After a few short days, the class was going over one of the assigned texts, and then I saw it. One student had highlighted about 50 words on one page, and she had written a carefully crafted translation into Japanese of each of those words. She also had repeated this arduous task on every page of her texbook. She was in trouble, but unbeknownst to me, so was I. Naively, I told her not to look up every word that she did not know. Instead, I said, she should try just to get the main idea of the text.
The reality, however, was much more complicated. The text she was reading was simply too hard. The school and I could have done much better by assigning a textbook that matched the level of the students.
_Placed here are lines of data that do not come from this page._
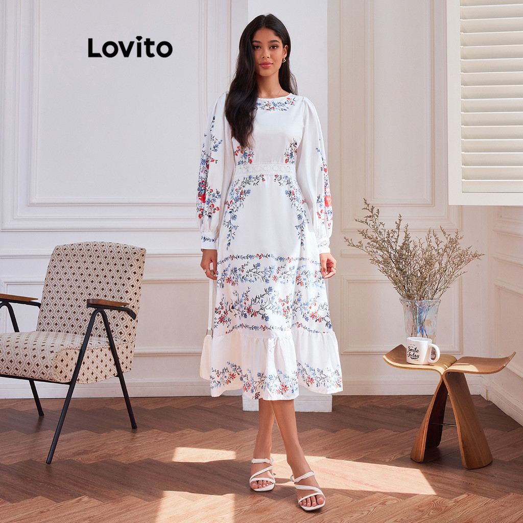 Lovito Vestido Feminino Elegante Com Babados Lisos E Bainha Com Babados LBL08138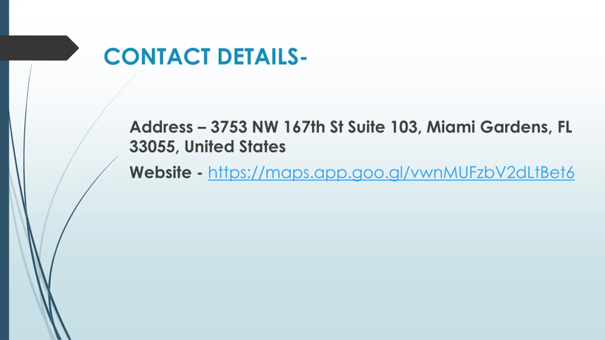 CONTACT DETAILS- Address 3753 NW 167th St Suite 103, Miami Gardens, FL 33055, United States Website - https://maps.app.goo.gl/vwnMUFzbV2dLtBet6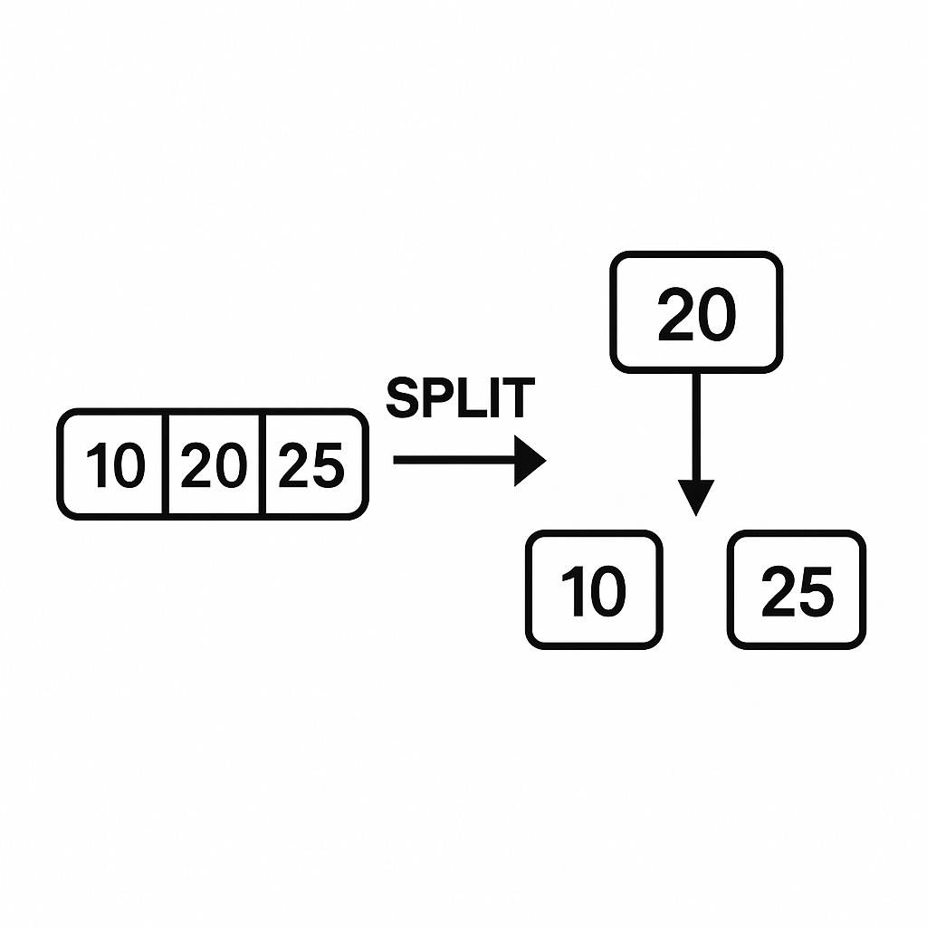 - 삽입 시: 노드가 가득 차면(Split) 중간 키(Median Key) 를 부모 노드로 이동시키고, 노드를 분할(Split) 한다.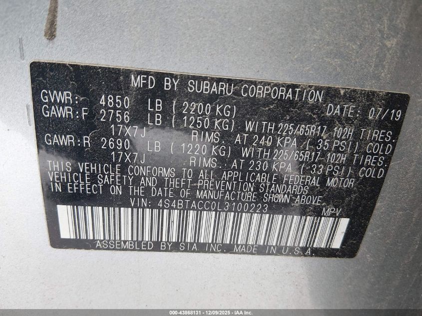 2020 SUBARU OUTBACK - 4S4BTACC0L3100223, колір - Срібний, 2.5, Бензин, Повний привід із США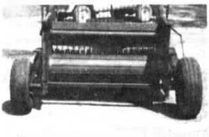 Nuss paid $120 for the baler which had been damaged in a fire. He removed the tailgate, belts and rollers, and most of the sheet metal behind the axle, keeping only the baler's pickup, drum, and axle. -He shortened the chain that drove the rollers and drum and remounted it on the left side of the baler so the drum would rotate in the same direction as the pickup to keep the crop moving rearward.

Even though the goals of the course included intensive reading, by which learners focus on language skills and language as content, the text should have been easier. But there was a problem even more fundamental than this. Our program gave very little time for extensive reading through which learners expose themselves to massive amounts of texts and develop fluency, speed, and reading skills.
At that time, “extensive graded reading” was not a part of mine and my colleagues’ professional vocabulary. Today, the situation is much different. Many teachers know about the practice and implement it. Some are still skeptical, and many others see it as a helpful but supplemental activity that teachers and learners might do only if there is extra time. However, a growing cadre of reading researchers is claiming that extensive graded reading should not be a supplemental activity but, rather, an essential element in every successful EFL course or curriculum.
One of those researchers is Dr. Rob Waring, who teaches English and Language Education at Notre Dame Seishin University in Okayama, Japan. Besides being involved with the writing, co-writing, or editing of about 170 graded readers, Waring has written extensively about graded reading and its relationship to vocabulary learning. In his writings, Waring claims that extensive graded reading is an essential activity for all ESL learners and programs, and he suggests the following to be the main aims of such an approach. Through extensive reading, learners should:
- Develop reading fluency.
- Improve reading speed and comprehension.
- Enhance reading skills.
With extensive graded reading, learners work on these goals by interacting with texts in which they know a very high percentage of the words. When I ask students and teachers what this percentage should be, they often say around 70%. Some students have even told me that 60% would be enough. However, even at 75%, readers would know less than one word in four. Such a lexically difficult text would look like this:
For example, I can say, “The jarvis hoult the fish.” And you can adair me. This is quorant from, “The fish hoult the jarvis.” You can adair this quorance because of pois and weles. With these pois and weles, we can always stace new duffins about things, dowricks, and ideas.
In this text, 30% of the words are actually plausible non-words, and they show us that 70% lexical comprehension is far too low for understanding a text. However, what if we reduce the number of unknown words to around 16%? With plausible non-words, the text now looks like this:
For example, I can say, “The man ate the fish.” And you can adair me. This is quorant from, “The fish ate the man.” You can adair this quorance because of pois and weles. With these pois and weles, we can always share new meanings about things, actions, and ideas.
This text is still lexically incomprehensible, or at least extremely difficult, without some serious dictionary action. Researchers like Rob Waring and Paul Nation claim that a text becomes readable without a dictionary when learners know 95% of the words in it, and that a text becomes enjoyable without a dictionary when learners know 98% of the words. In the following text, only 4% of the words are unknown, and many learners will be able to guess the meaning of “weles” from context.
For example, I can say, “The man ate the fish.” And you can understand me. This is different from, “The fish ate the man.” You can understand this difference because of words and weles. With these words and weles, we can always share new meanings about things, actions, and ideas. (See Note #2 below.)
This research shows me that, as a new teacher, I had greatly overestimated what my students could comprehend without a dictionary. This caused me to overburden them lexically with long and difficult reading passages that did not help them improve their reading fluency, speed, and comprehension. Today, though I do make room for some intensive language-focused reading activities in my classes, I am now a big “evangelizer” for extensive graded reading.
What makes reading extensive? Generally, in extensive graded reading programs, students read one book per week where they know all but 2-3 of the words on every page. In my classes, motivated students will often read more than 15 books in a 10-week term. They can keep track of their reading in various ways, such as through printed reading logs or through online surveys. They can share their reading experiences in small group “book club” discussions or through online book reviews.
Through extensive graded reading, learners can enjoyably increase their time-on-task in English. They can easily do this while on the go because the books are small and easy to read on the bus, train, or while waiting in line for an espresso. But most importantly, research strongly suggests that extensive reading is a great way to improve all language skills, and not just reading. Language educators would be wise, therefore, to make extensive graded reading an integral part of their language programs and courses.